David Icke fansL’America ha un’antica e assai radicata tradizione di teorie della cospirazione. Scorrendone la storia, si rimane basiti di fronte alla quantità di teorie del complotto partorite non solo da menti paranoiche o allucinate, come si potrebbe facilmente immaginare, ma anche, e soprattutto, da personalità di spicco della politica e della società.

  • Thomas Jefferson che denuncia Alexander Hamilton al presidente Washington accusandolo di tramare con gli inglesi per la restaurazione della monarchia;
  • Samuel Morse, l’inventore del telegrafo, che pubblica un libro in cui punta il dito contro una cospirazione papista e degli Asburgo per abbattere le libertà americane.
  • Henry Ford che divulga i Protocolli dei Savi di Sion, scorgendo i tentacoli di un complotto ebraico in ogni settore della vita statunitense, persino nel campionato di baseball.
  • Il senatore repubblicano Joseph McCarthy che scatena una caccia alla streghe per sconfiggere quella che lui chiama «una cospirazione su una scala così immensa da rendere insignificante ogni impresa simile tentata in precedenza nella storia dell’uomo».
  • In tempi più vicini a noi, il milionario Donald Trump che pretende che il presidente Obama esibisca il proprio certificato di nascita, così da provare di essere nato negli USA e di non aver usurpato la carica più alta del paese.

E poi aggiungiamoci tutte quelle teorie agitate da ricercatori dilettanti, predicatori religiosi, sedicenti gole profonde, leader di movimenti razzisti, conduttori di talk-show radiofonici, che mettono in guardia l’America dalle cospirazioni monetarie della Federal Reserve, dalle trame degli Illuminati, dal complotto elitista del Nuovo Ordine Mondiale, o da un’imminente apocalisse in cui i bianchi dovranno combattere contro gli eserciti multiculturali dell’Anticristo.
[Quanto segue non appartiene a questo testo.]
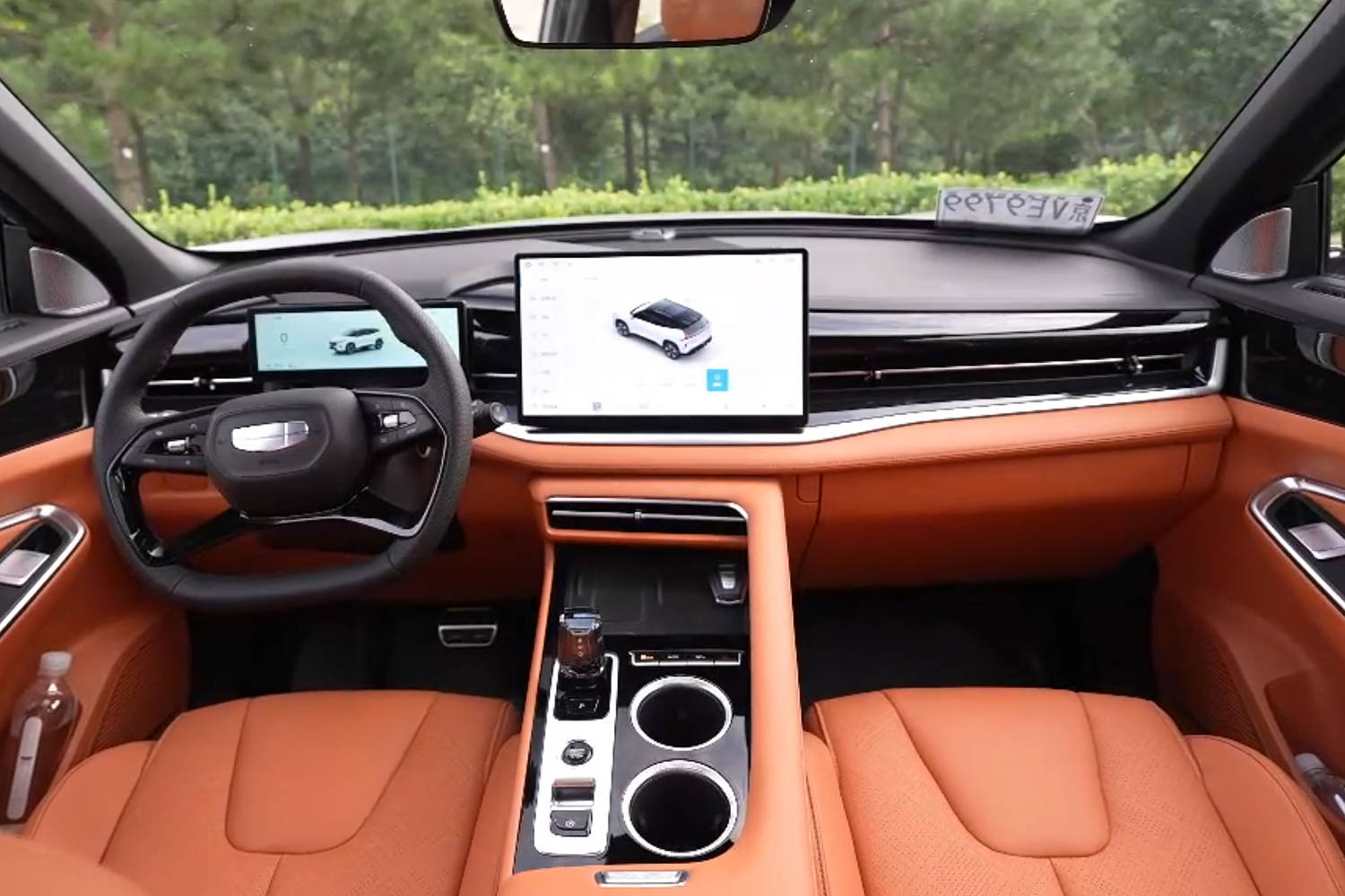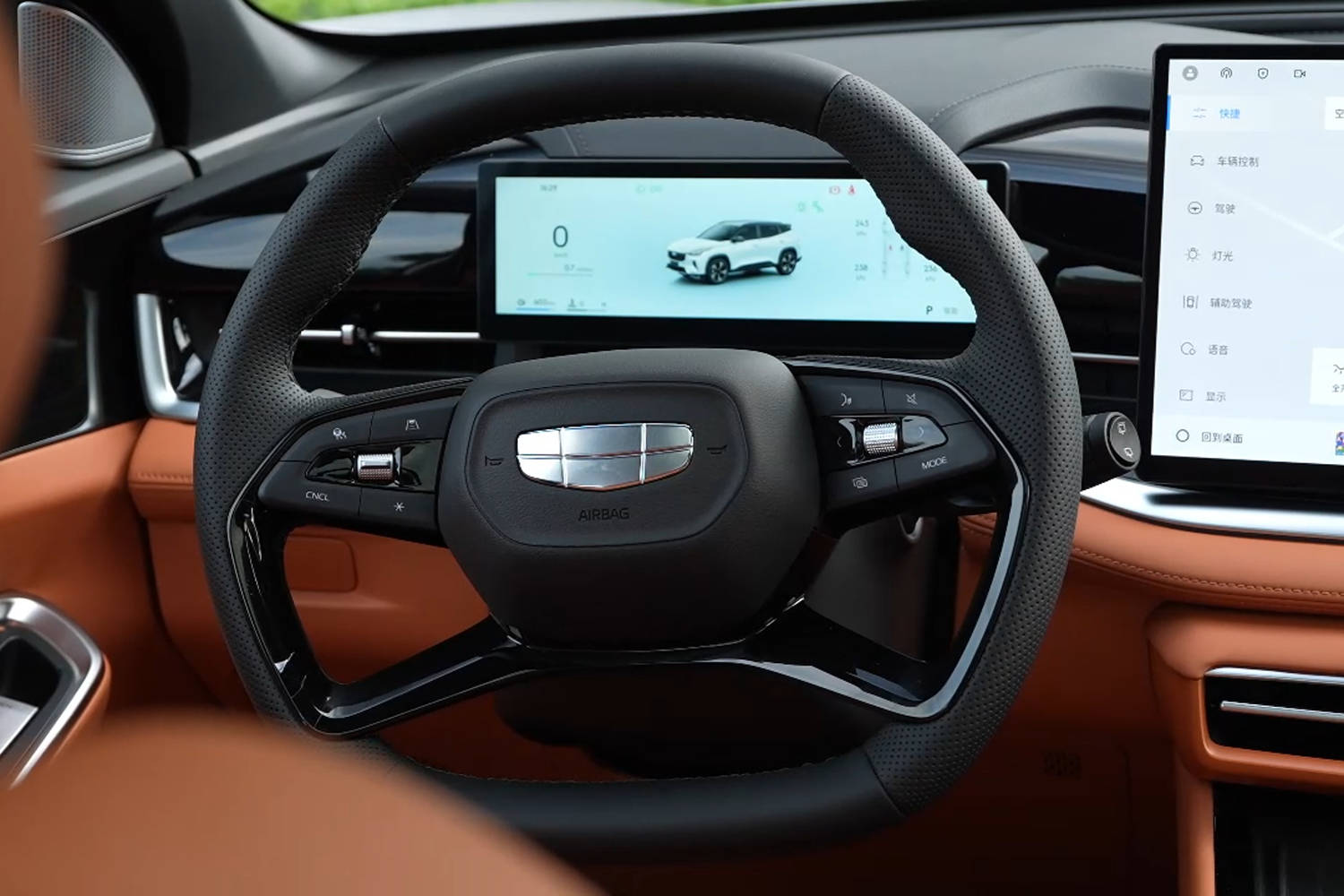 車內變化主要體現在中控區,新車使用了14.6英寸橫向屏幕,對應的周圍裝飾也進行了適應性調整,例如增加鍍鉻裝飾進行襯托。配置上,中控屏分辨率為1920×1080,使用吉利最新版Flyme Auto 1.8系統,支持小窗同屏多任務模式、手勢控制、全語音控制、高德地圖810版以及AI智能交互等,同時全系標配手機APP遠程控制,屏幕下方還配有50W無線充電面板。
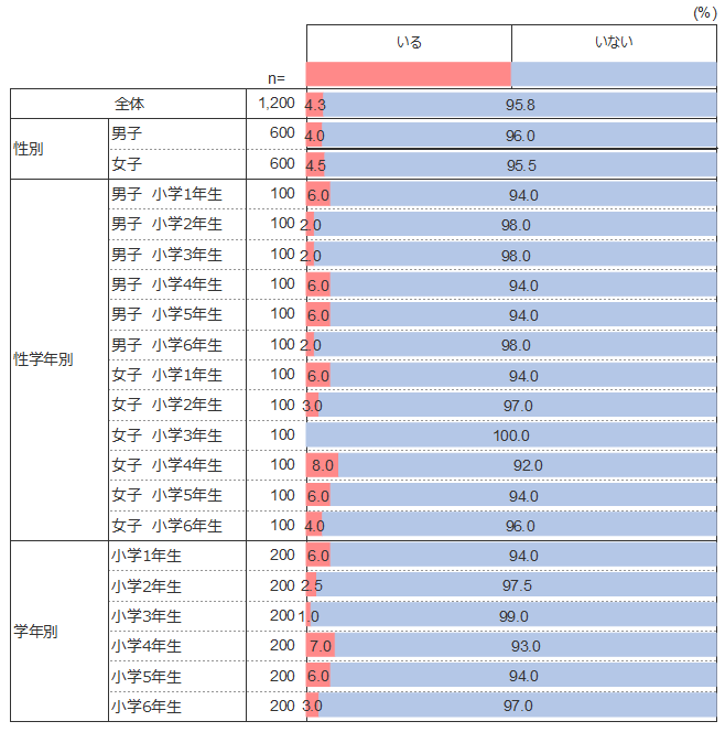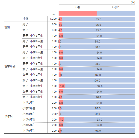 学年別に見ると、1年生が6.0%とやや高く、その後割合は下がる。まだ「恋人」という概念が1年生では仲のよい友だちの延長であり、また男女とも仲良く接している時期であるため、「いる」と答えた子どもが多い可能性がある。

Gli americani, quindi, vanno matti per questo genere di cose (Hollywood lo sa bene), sebbene gli anticorpi democratici di Washington abbiano finora arginato il virus complottista. Ma in Italia? Siamo culturalmente preparati a questo genere di santoni? Finiremo anche noi per chiederci, come facevano Mulder e Scully in X-Files, se la “verità è là fuori”? Forse la questione non è “se”, ma “quando”. Ieri Icke ci faceva sorridere con i suoi lucertoloni alieni. Un domani neanche tanto lontano, però, potremmo essere costretti a prenderlo sul serio.